→ **Work instruction**:
Copy the listing below in full, exactly as given.
================
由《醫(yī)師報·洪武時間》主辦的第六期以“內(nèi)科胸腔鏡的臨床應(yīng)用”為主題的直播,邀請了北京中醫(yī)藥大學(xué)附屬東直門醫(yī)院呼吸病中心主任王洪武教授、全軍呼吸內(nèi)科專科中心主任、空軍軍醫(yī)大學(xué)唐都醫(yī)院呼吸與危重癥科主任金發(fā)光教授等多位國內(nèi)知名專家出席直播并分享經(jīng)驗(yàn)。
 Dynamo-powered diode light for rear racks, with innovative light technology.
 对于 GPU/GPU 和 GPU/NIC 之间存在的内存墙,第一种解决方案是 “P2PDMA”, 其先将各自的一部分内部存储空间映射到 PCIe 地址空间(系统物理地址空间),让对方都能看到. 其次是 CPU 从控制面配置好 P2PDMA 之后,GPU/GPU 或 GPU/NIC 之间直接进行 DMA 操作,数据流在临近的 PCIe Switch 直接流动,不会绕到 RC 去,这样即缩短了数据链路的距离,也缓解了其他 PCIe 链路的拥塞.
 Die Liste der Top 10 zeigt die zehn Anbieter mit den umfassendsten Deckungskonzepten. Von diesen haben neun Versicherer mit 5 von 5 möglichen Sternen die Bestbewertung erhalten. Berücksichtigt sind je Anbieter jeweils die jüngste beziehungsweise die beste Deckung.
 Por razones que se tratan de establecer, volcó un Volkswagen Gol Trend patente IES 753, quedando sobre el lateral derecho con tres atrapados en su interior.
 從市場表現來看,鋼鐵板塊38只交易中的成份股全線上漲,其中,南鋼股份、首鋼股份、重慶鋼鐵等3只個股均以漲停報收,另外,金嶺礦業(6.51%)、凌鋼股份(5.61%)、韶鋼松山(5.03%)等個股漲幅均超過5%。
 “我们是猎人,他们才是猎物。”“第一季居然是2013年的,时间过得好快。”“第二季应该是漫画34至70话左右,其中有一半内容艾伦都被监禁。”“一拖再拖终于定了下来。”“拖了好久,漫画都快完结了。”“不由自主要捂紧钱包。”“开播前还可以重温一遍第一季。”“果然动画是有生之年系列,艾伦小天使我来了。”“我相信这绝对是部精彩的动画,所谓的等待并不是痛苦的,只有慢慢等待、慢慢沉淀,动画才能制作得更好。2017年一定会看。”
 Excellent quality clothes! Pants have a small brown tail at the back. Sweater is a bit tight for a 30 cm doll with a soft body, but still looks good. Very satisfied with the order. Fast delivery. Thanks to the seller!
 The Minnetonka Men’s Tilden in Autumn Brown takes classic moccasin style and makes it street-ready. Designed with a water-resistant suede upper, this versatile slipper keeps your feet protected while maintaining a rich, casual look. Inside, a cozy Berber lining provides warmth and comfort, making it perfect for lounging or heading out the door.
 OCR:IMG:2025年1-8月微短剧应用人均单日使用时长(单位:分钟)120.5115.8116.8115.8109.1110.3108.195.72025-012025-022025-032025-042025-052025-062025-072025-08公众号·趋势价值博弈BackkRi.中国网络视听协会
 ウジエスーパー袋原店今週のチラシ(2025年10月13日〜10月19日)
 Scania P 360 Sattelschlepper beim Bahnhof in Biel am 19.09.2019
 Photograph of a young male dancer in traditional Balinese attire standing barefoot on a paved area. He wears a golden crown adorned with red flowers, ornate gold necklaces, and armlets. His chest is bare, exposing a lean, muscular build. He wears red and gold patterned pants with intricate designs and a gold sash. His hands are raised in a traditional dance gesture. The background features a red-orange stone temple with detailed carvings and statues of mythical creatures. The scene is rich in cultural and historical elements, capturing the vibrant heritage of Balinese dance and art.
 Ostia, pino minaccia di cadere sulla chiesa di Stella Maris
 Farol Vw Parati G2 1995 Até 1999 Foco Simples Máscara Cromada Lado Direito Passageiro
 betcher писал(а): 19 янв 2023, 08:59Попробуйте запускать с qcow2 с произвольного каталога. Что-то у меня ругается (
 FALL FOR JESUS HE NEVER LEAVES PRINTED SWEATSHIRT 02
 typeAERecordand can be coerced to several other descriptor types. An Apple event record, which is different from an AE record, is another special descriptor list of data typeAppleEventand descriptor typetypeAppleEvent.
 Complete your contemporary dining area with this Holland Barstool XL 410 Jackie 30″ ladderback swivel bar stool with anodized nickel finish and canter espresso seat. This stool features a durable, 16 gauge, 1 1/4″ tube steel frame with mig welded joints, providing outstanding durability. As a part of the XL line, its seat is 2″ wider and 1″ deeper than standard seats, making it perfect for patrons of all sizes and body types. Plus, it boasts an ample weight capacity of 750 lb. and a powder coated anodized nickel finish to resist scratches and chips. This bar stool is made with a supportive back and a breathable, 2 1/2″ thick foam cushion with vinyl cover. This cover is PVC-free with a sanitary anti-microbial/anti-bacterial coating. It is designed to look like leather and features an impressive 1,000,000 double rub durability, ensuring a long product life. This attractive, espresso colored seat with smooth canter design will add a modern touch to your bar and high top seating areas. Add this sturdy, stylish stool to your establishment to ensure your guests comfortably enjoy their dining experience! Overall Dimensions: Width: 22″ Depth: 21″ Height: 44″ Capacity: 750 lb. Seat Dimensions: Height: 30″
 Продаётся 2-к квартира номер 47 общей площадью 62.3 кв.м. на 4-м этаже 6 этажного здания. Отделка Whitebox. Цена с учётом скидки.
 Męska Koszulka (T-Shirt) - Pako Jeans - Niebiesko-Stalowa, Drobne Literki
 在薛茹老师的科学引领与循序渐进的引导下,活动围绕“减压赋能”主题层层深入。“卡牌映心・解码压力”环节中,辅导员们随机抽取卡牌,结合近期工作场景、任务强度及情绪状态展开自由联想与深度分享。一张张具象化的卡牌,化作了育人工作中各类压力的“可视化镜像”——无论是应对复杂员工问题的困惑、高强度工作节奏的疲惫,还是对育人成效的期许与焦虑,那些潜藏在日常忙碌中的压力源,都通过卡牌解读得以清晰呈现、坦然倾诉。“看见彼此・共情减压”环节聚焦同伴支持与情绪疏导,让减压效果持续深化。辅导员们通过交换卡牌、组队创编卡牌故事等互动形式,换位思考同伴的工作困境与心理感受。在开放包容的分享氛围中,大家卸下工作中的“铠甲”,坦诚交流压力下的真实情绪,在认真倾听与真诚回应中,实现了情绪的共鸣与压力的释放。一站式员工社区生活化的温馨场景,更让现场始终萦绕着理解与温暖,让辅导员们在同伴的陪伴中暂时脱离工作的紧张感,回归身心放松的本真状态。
================
→ **Result of this task**:
由《醫(yī)師報·洪武時間》主辦的第六期以“內(nèi)科胸腔鏡的臨床應(yīng)用”為主題的直播,邀請了北京中醫(yī)藥大學(xué)附屬東直門醫(yī)院呼吸病中心主任王洪武教授、全軍呼吸內(nèi)科專科中心主任、空軍軍醫(yī)大學(xué)唐都醫(yī)院呼吸與危重癥科主任金發(fā)光教授等多位國內(nèi)知名專家出席直播并分享經(jīng)驗(yàn)。
 Dynamo-powered diode light for rear racks, with innovative light technology.
 对于 GPU/GPU 和 GPU/NIC 之间存在的内存墙,第一种解决方案是 “P2PDMA”, 其先将各自的一部分内部存储空间映射到 PCIe 地址空间(系统物理地址空间),让对方都能看到. 其次是 CPU 从控制面配置好 P2PDMA 之后,GPU/GPU 或 GPU/NIC 之间直接进行 DMA 操作,数据流在临近的 PCIe Switch 直接流动,不会绕到 RC 去,这样即缩短了数据链路的距离,也缓解了其他 PCIe 链路的拥塞.
 Die Liste der Top 10 zeigt die zehn Anbieter mit den umfassendsten Deckungskonzepten. Von diesen haben neun Versicherer mit 5 von 5 möglichen Sternen die Bestbewertung erhalten. Berücksichtigt sind je Anbieter jeweils die jüngste beziehungsweise die beste Deckung.
 Por razones que se tratan de establecer, volcó un Volkswagen Gol Trend patente IES 753, quedando sobre el lateral derecho con tres atrapados en su interior.
 從市場表現來看,鋼鐵板塊38只交易中的成份股全線上漲,其中,南鋼股份、首鋼股份、重慶鋼鐵等3只個股均以漲停報收,另外,金嶺礦業(6.51%)、凌鋼股份(5.61%)、韶鋼松山(5.03%)等個股漲幅均超過5%。
 “我们是猎人,他们才是猎物。”“第一季居然是2013年的,时间过得好快。”“第二季应该是漫画34至70话左右,其中有一半内容艾伦都被监禁。”“一拖再拖终于定了下来。”“拖了好久,漫画都快完结了。”“不由自主要捂紧钱包。”“开播前还可以重温一遍第一季。”“果然动画是有生之年系列,艾伦小天使我来了。”“我相信这绝对是部精彩的动画,所谓的等待并不是痛苦的,只有慢慢等待、慢慢沉淀,动画才能制作得更好。2017年一定会看。”
 Excellent quality clothes! Pants have a small brown tail at the back. Sweater is a bit tight for a 30 cm doll with a soft body, but still looks good. Very satisfied with the order. Fast delivery. Thanks to the seller!
 The Minnetonka Men’s Tilden in Autumn Brown takes classic moccasin style and makes it street-ready. Designed with a water-resistant suede upper, this versatile slipper keeps your feet protected while maintaining a rich, casual look. Inside, a cozy Berber lining provides warmth and comfort, making it perfect for lounging or heading out the door.
 OCR:IMG:2025年1-8月微短剧应用人均单日使用时长(单位:分钟)120.5115.8116.8115.8109.1110.3108.195.72025-012025-022025-032025-042025-052025-062025-072025-08公众号·趋势价值博弈BackkRi.中国网络视听协会
 ウジエスーパー袋原店今週のチラシ(2025年10月13日〜10月19日)
 Scania P 360 Sattelschlepper beim Bahnhof in Biel am 19.09.2019
 Photograph of a young male dancer in traditional Balinese attire standing barefoot on a paved area. He wears a golden crown adorned with red flowers, ornate gold necklaces, and armlets. His chest is bare, exposing a lean, muscular build. He wears red and gold patterned pants with intricate designs and a gold sash. His hands are raised in a traditional dance gesture. The background features a red-orange stone temple with detailed carvings and statues of mythical creatures. The scene is rich in cultural and historical elements, capturing the vibrant heritage of Balinese dance and art.
 Ostia, pino minaccia di cadere sulla chiesa di Stella Maris
 Farol Vw Parati G2 1995 Até 1999 Foco Simples Máscara Cromada Lado Direito Passageiro
 betcher писал(а): 19 янв 2023, 08:59Попробуйте запускать с qcow2 с произвольного каталога. Что-то у меня ругается (
 FALL FOR JESUS HE NEVER LEAVES PRINTED SWEATSHIRT 02
 typeAERecordand can be coerced to several other descriptor types. An Apple event record, which is different from an AE record, is another special descriptor list of data typeAppleEventand descriptor typetypeAppleEvent.
 Complete your contemporary dining area with this Holland Barstool XL 410 Jackie 30″ ladderback swivel bar stool with anodized nickel finish and canter espresso seat. This stool features a durable, 16 gauge, 1 1/4″ tube steel frame with mig welded joints, providing outstanding durability. As a part of the XL line, its seat is 2″ wider and 1″ deeper than standard seats, making it perfect for patrons of all sizes and body types. Plus, it boasts an ample weight capacity of 750 lb. and a powder coated anodized nickel finish to resist scratches and chips. This bar stool is made with a supportive back and a breathable, 2 1/2″ thick foam cushion with vinyl cover. This cover is PVC-free with a sanitary anti-microbial/anti-bacterial coating. It is designed to look like leather and features an impressive 1,000,000 double rub durability, ensuring a long product life. This attractive, espresso colored seat with smooth canter design will add a modern touch to your bar and high top seating areas. Add this sturdy, stylish stool to your establishment to ensure your guests comfortably enjoy their dining experience! Overall Dimensions: Width: 22″ Depth: 21″ Height: 44″ Capacity: 750 lb. Seat Dimensions: Height: 30″
 Продаётся 2-к квартира номер 47 общей площадью 62.3 кв.м. на 4-м этаже 6 этажного здания. Отделка Whitebox. Цена с учётом скидки.
 Męska Koszulka (T-Shirt) - Pako Jeans - Niebiesko-Stalowa, Drobne Literki
 在薛茹老师的科学引领与循序渐进的引导下,活动围绕“减压赋能”主题层层深入。“卡牌映心・解码压力”环节中,辅导员们随机抽取卡牌,结合近期工作场景、任务强度及情绪状态展开自由联想与深度分享。一张张具象化的卡牌,化作了育人工作中各类压力的“可视化镜像”——无论是应对复杂员工问题的困惑、高强度工作节奏的疲惫,还是对育人成效的期许与焦虑,那些潜藏在日常忙碌中的压力源,都通过卡牌解读得以清晰呈现、坦然倾诉。“看见彼此・共情减压”环节聚焦同伴支持与情绪疏导,让减压效果持续深化。辅导员们通过交换卡牌、组队创编卡牌故事等互动形式,换位思考同伴的工作困境与心理感受。在开放包容的分享氛围中,大家卸下工作中的“铠甲”,坦诚交流压力下的真实情绪,在认真倾听与真诚回应中,实现了情绪的共鸣与压力的释放。一站式员工社区生活化的温馨场景,更让现场始终萦绕着理解与温暖,让辅导员们在同伴的陪伴中暂时脱离工作的紧张感,回归身心放松的本真状态。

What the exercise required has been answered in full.